Guo Wenyi bersandar di pintu dan mengintip melalui celah. Tiba-tiba ia melihat makhluk abu-abu dengan rune aneh di tubuhnya perlahan mendekati ruangan.
Berbeda dengan Monster Binatang Kegelapan sebelumnya, mata makhluk itu lebih tajam dan menakutkan. Rong Sheng dengan acuh tak acuh bertukar pandangan dengan makhluk itu dan merasakan bulu kuduknya merinding.
Makhluk Terkutuk berwarna abu-abu itu segera menuju ke ruangan tersebut. Hidung dan indranya jauh lebih sensitif daripada Monster Binatang Kegelapan. Mereka melihat makhluk itu mendekati pintu sambil mengeluarkan teriakan aneh.
“Gulu!~ Gulu!~” Binatang Terkutuk itu mengeluarkan teriakan yang dalam.
Mu Ningxue segera pergi ke pintu ketika mendengar teriakan itu.
“Sepertinya mereka telah menemukan kita!” kata Rong Sheng dengan ketakutan.
Mu Ningxue memejamkan matanya untuk merasakan sekelilingnya, dan menyadari bahwa banyak Monster Binatang Kegelapan sedang menuju ke ruangan itu. Bau menyengat mereka telah memenuhi ruangan…
Ternyata, Binatang Terkutuk itu memang telah menemukan mereka. Ia memanggil rekan-rekannya untuk mengepung tempat itu.
Mu Ningxue pergi ke jendela dan melihat bahwa mereka terkunci rapat. Jika mereka melarikan diri melalui jendela, akan ada banyak makhluk yang menunggu mereka di luar juga.

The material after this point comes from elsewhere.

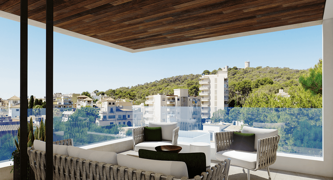 Welcome to Bellver Park Apartments, where you can enjoy the perfect combination of luxury and convenience. Each apartment boasts a well-thought-out layout that leads to exterior south-facing porches and terraces, both covered and uncovered, offering spectacular views of Mallorca’s beautiful landscape. This apartment can be built with two or three bedrooms, depending on one’s needs. With a living space of 72m2 and terraced area of 59m2, this spacious apartment gives you the ultimate comfort. With underfloor heating and air-conditioning throughout the apartment, ensuring your comfort no matter the season. Indirect lighting, stone floors, and top-of-the-line appliances are just a few of the features that enhance the quality of life in the Bellver Oaks apartments. The large floor-to-ceiling windows and doors allow natural light to flood into the apartment, creating a bright and airy atmosphere. You’ll love spending time on your private balcony, enjoying the in-out-living that comes naturally in Mallorca’s perfect climate. At Bellver Park, they believe in elegant sharing spaces that promote community and relaxation. The gardens and pool area are the perfect example of this, providing ample space for residents to relax and unwind. Living in Palma means embracing a relaxed cosmopolitan lifestyle as Bellver Park is perfectly situated near to all amenities to provide you with everything you need. A short stroll away, you will find a range of shops, stores, and restaurants. Take a morning walk along the beach boulevard, have lunch at the yacht club, or spend quality time with friends at one of Palma’s numerous restaurants in the old town.

“Kupikir tempat ini seharusnya bersih setelah kita membunuh orang-orang itu. Sungguh mengejutkan, beberapa tikus menyelinap masuk ke sini lagi… tsk tsk!” sebuah suara terdengar dari luar. Suaranya terdengar cukup familiar.
Rong Sheng dan Guo Wenyi saling bertukar pandang. Rong Sheng adalah orang pertama yang berbicara, “Bukankah itu suara Zhao Pinlin?”
Begitu kata-kata itu terucap, pintu-pintu berat aula itu terbuka dengan keras. Bau menyengat langsung menerpa kelompok itu dan hampir membuat mereka sesak napas.
Guo Wenyi mundur ke meja. Ia gemetar ketakutan. Selusin monster berkulit hitam, sumber bau menyengat itu, telah menyerbu masuk ke ruangan.
Di antara Monster Binatang Kegelapan terdapat makhluk abu-abu yang diselimuti rune kutukan. Ukurannya dua kali lipat dari Monster Binatang Kegelapan lainnya. Mata hijaunya yang bercahaya menatap mereka. Rasanya seperti makhluk itu akan mencabik-cabik mereka bahkan sebelum ia mendekat!
Seorang pria berpakaian biru berdiri di samping Binatang Terkutuk. Dia tampak terkejut ketika melihat para penyusup itu adalah Rong Sheng dan Guo Wenyi. Namun, ketika dia menyadari bahwa wanita berambut perak yang sangat ingin dia serang juga ada di ruangan itu, dia menjadi sangat bersemangat.
Sungguh mengejutkan, siapa yang menyangka… dia masih memikirkan cara untuk membawanya sendiri. Waktu mereka di peternakan hampir berakhir. Yang mengejutkannya, dia sendiri yang masuk ke dalam perangkap. Itu hanya mempercepat waktu yang dibutuhkan baginya untuk mencapai mimpinya!
“Ada lagi sekelompok penyusup, bunuh mereka,” seorang pria berpakaian abu-abu perlahan memasuki ruangan dan melirik sekeliling.
“Serahkan saja pada saya, karena saya mengenal mereka secara pribadi,” Zhao Pinlin tersenyum.
“Baiklah, tapi jangan terlalu lama. Kita masih punya banyak hal yang harus dilakukan. Telur racun yang baru sudah menetas. Kita butuh lebih banyak bantuan untuk persiapannya, agar kita bisa membunuh lebih banyak orang sebelum Serikat Penegak Hukum tiba, hahaha!” Pendeta Abu-abu itu tertawa terbahak-bahak.
Pendeta Abu-abu itu jelas tertarik untuk membunuh. Matanya dipenuhi dengan gairah yang aneh.
“Mengapa kita tidak membunuh mereka semua?” tanya seorang murid di sampingnya.
“Bodoh, jika semua orang di sini sudah mati, bagaimana kita bisa berbaur dengan kerumunan dan pergi?”
“Hebat, Senior Li Kai memang hebat seperti biasanya!” sang murid memuji Pendeta Abu-abu itu.
“Anak baru, hadapi mereka dan berkumpul kembali dengan kami di Aula Miring sesegera mungkin,” perintah Pendeta Abu-abu Li Kai.